Attorney-General v Riley

 

[2019] QSC 166

SUPREME COURT OF QUEENSLAND

CITATION:

Attorney-General (Qld) v Riley [2019] QSC 166

PARTIES:

ATTORNEY-GENERAL FOR THE STATE OF QUEENSLAND

(applicant)

v

KANE LOUIS RILEY

(respondent)

FILE NO:

BS2356 of 2019

DIVISION:

Trial Division

PROCEEDING:

Application for division 3 order

DELIVERED ON:

1 July 2019 (ex tempore)

DELIVERED AT:

Brisbane

HEARING DATE:

1 July 2019

JUDGE:

Mullins J

ORDER:

Order in terms of the draft initialled by Mullins J and placed with the file.

CATCHWORDS:

CRIMINAL LAW – SENTENCE – SENTENCING ORDERS – ORDERS AND DECLARATIONS RELATING TO SERIOUS OR VIOLENT OFFENDERS OR DANGEROUS SEXUAL OFFENDERS – GENERALLY – where respondent currently serving a term of imprisonment for sexual offences involving children – application for orders pursuant to s 13 Dangerous Prisoners (Sexual Offenders) Act 2003 (Qld) – whether the respondent is a serious danger to the community in the absence of a division 3 order – whether a supervision order rather than a continuing detention order can ensure adequate protection of the community – whether the appropriate period for the supervision order is five years or seven years

Dangerous Prisoners (Sexual Offenders) Act 2003 (Qld), s 13

COUNSEL:

M A Maloney for the applicant

C Reid for the respondent

SOLICITORS:

G R Cooper, Crown Solicitor for the applicant

Legal Aid Queensland for the respondent

HER HONOUR: Mr Riley is 23 years old.  He is currently serving a sentence of four years’ imprisonment, which was imposed on 1 September 2015 for maintaining an unlawful relationship with a child.  One the same date, he was sentenced to shorter concurrent sentences for five counts of carnal knowledge of children under 16 years and attempts, two counts of indecent treatment of children under 16 years, two counts of indecent treatment of a child under 16 (procure to commit), one count of use a carriage service to solicit child pornography material, one count of use a carriage service to cause child pornography material to be transmitted to self, one count of possessing child exploitation material and one count of grooming child under 16 years with intent to procure engagement in a sexual act.  Mr Riley’s full-time discharge date is 11 July 2019. 

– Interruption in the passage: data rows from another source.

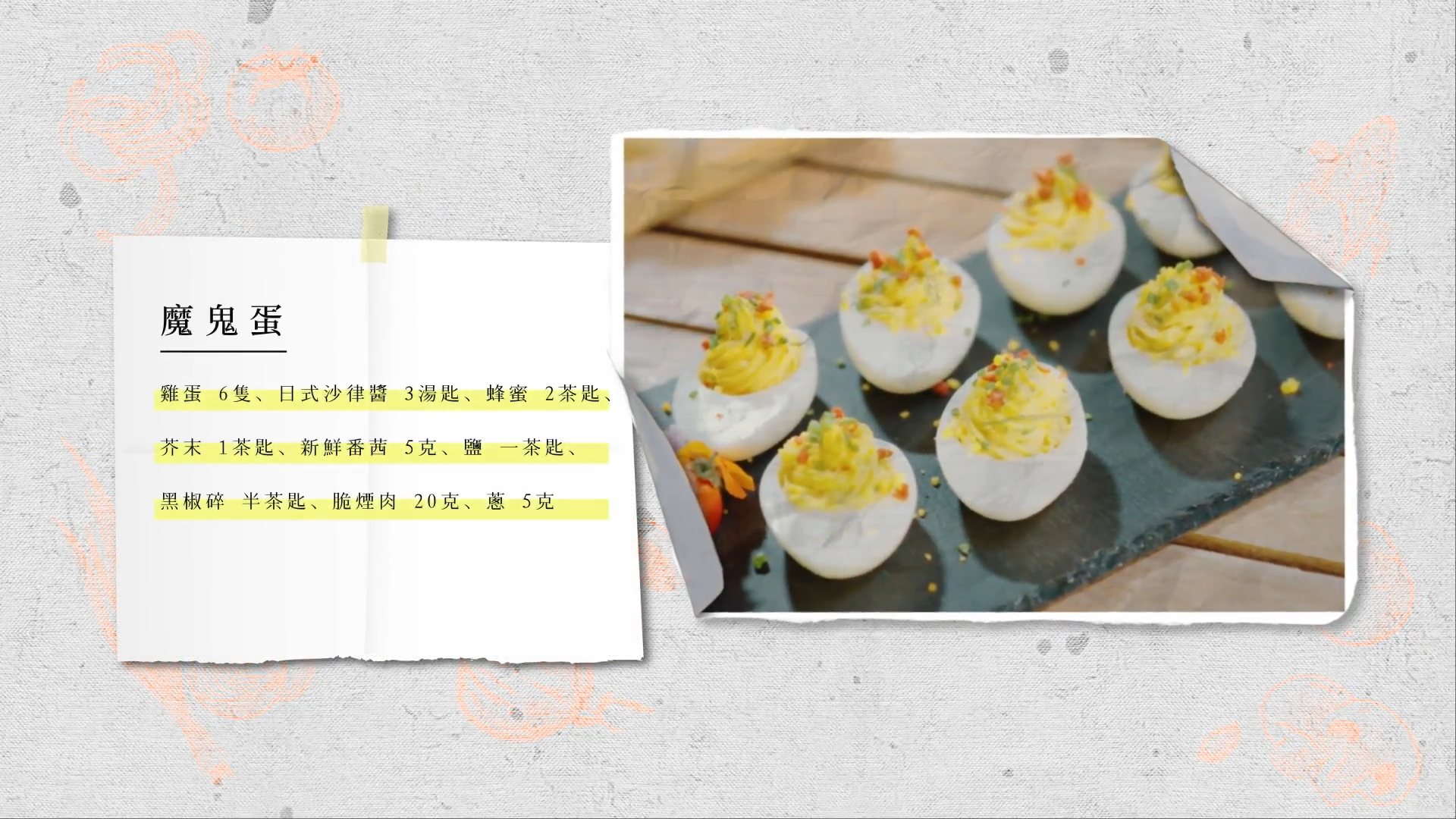 6. 把蛋白整齊排列擺盤,用擠花袋擠入蛋黃到蛋白上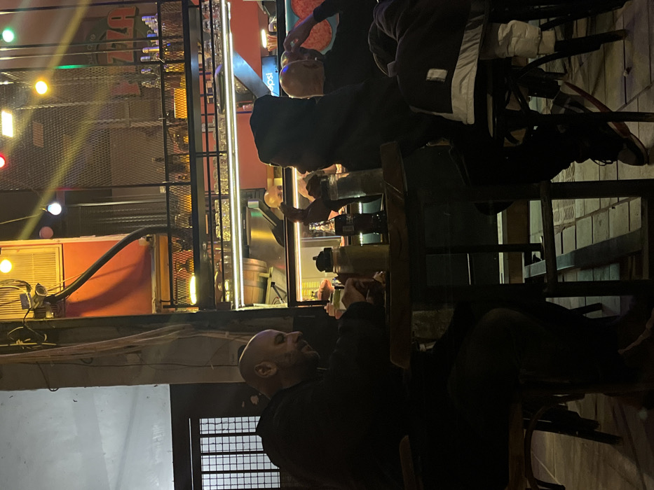 A bald man sits at a table outside a restaurant, looking upward toward people gathered around a window. Jars and bottles sit on the table. The restaurant has lights strung up and appears to be serving food through the window. Another man stands behind the table, partially obscured, also looking toward the restaurant window. A third person, partially out of frame, stands at the window.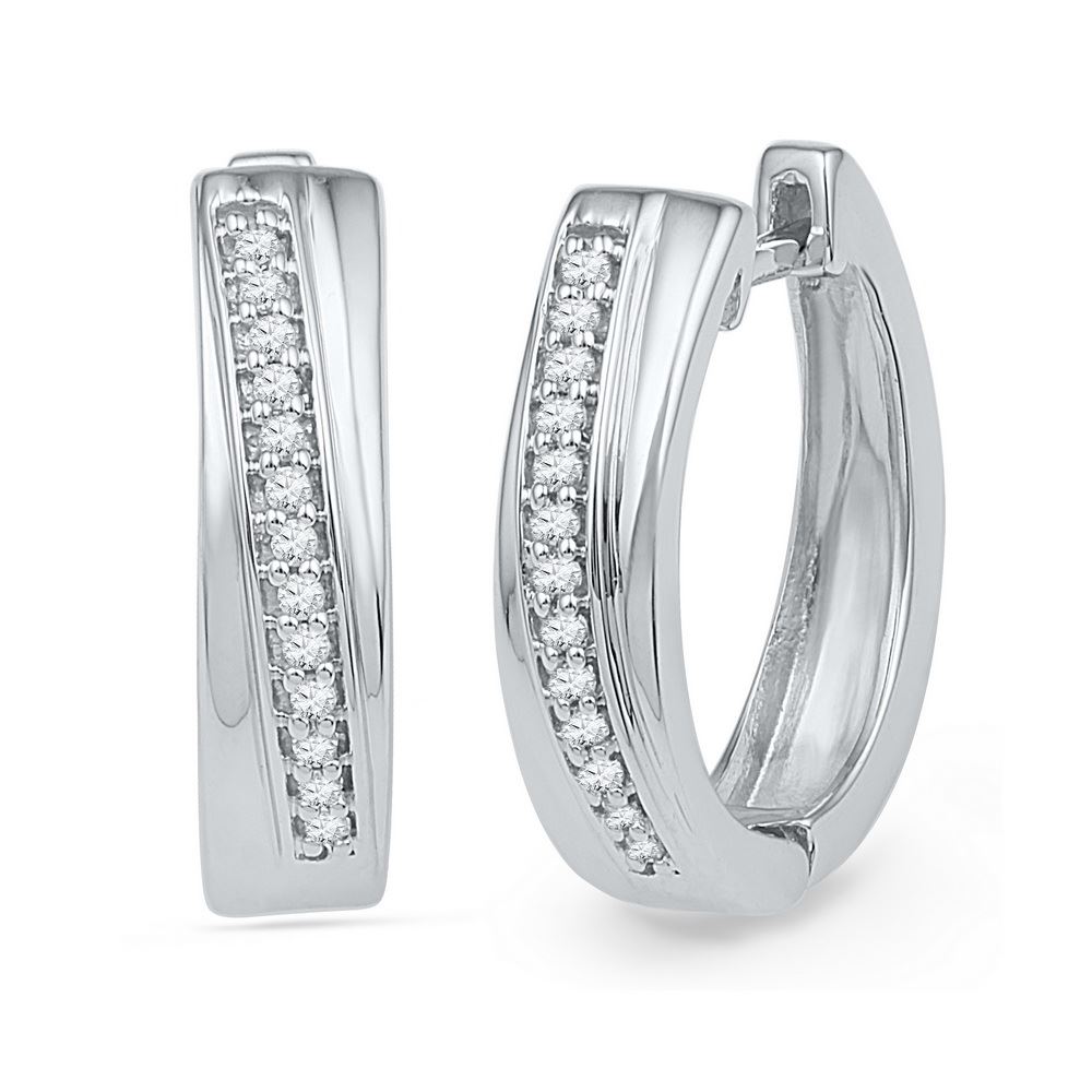 REF-30M2H- SKU: GD101971 ---- 0.16 CTW Diamond Single Row Hoop Earrings 10KT White Gold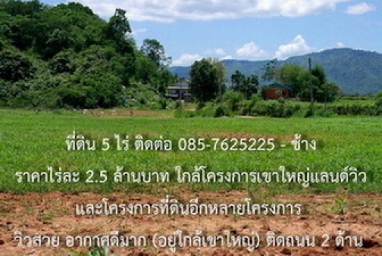 ที่ดินบ้านท่าช้างใต้ หมูสี ปากช่อง นครราชสีมา ใกล้โครงการเขาใหญ่แลนด์วิวเพียง 400 เมตร และโครงการที่ดินอื่นๆ อีกหลายโครงการ - มองเห็นวิวเขาใหญ่ใกล้ๆและเขาอื่นรอบๆ แปลงที่ดิน ขนาดที่ดิน 5 ไร่ ราคาไร่ละ 2.5 ล้านบาท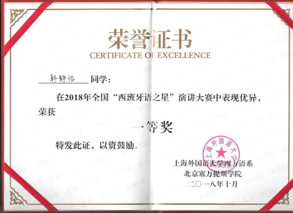 由上海外国语大学西方语系主办,北京塞万提斯学院协办,以全国开设西班牙语专业的高校本科学生为参赛对象的全国“西班牙语之星”演讲大赛决赛,于2018年10月20日在上海外国语大学(松江校区)举行。共有来自全国57所院校的382名选手报名参赛。低年级组12名选手、高年级组13名选手在经历初赛的激烈角逐后脱颖而出,进入本届大赛决赛。我院外语系西班牙语专业大二2017313班的韩静怡同学在决赛中荣获一等奖。

The applicant seeks orders pursuant to section 13 of the Dangerous Prisoners (Sexual Offenders) Act 2003  (the Act) and relies for that purpose on psychiatric assessments of Mr Riley undertaken by Dr Timmins, Dr Arthur and Dr Beech.  Each of those psychiatrists is of the view that Mr Riley’s unmodified risk of sexual re-offence in the community is high, but that the imposition of a supervision order would reduce that risk.  The psychiatrists vary in their opinions as to where the level of the reduction of the risk is between low and moderate.  The applicant acknowledges appropriately that the evidence in this case supports the finding that the respondent is a serious danger to the community in the absence of a division 3 order under the Act and that the adequate protection of the community can be ensured by the making of a supervision order.  Mr Riley accepts that the Court could be satisfied he is a serious danger to the community in the absence of a division 3 order.  A decision is required, however, on the length of the supervision order.  The parties are otherwise in agreement as to the terms of the supervision order. 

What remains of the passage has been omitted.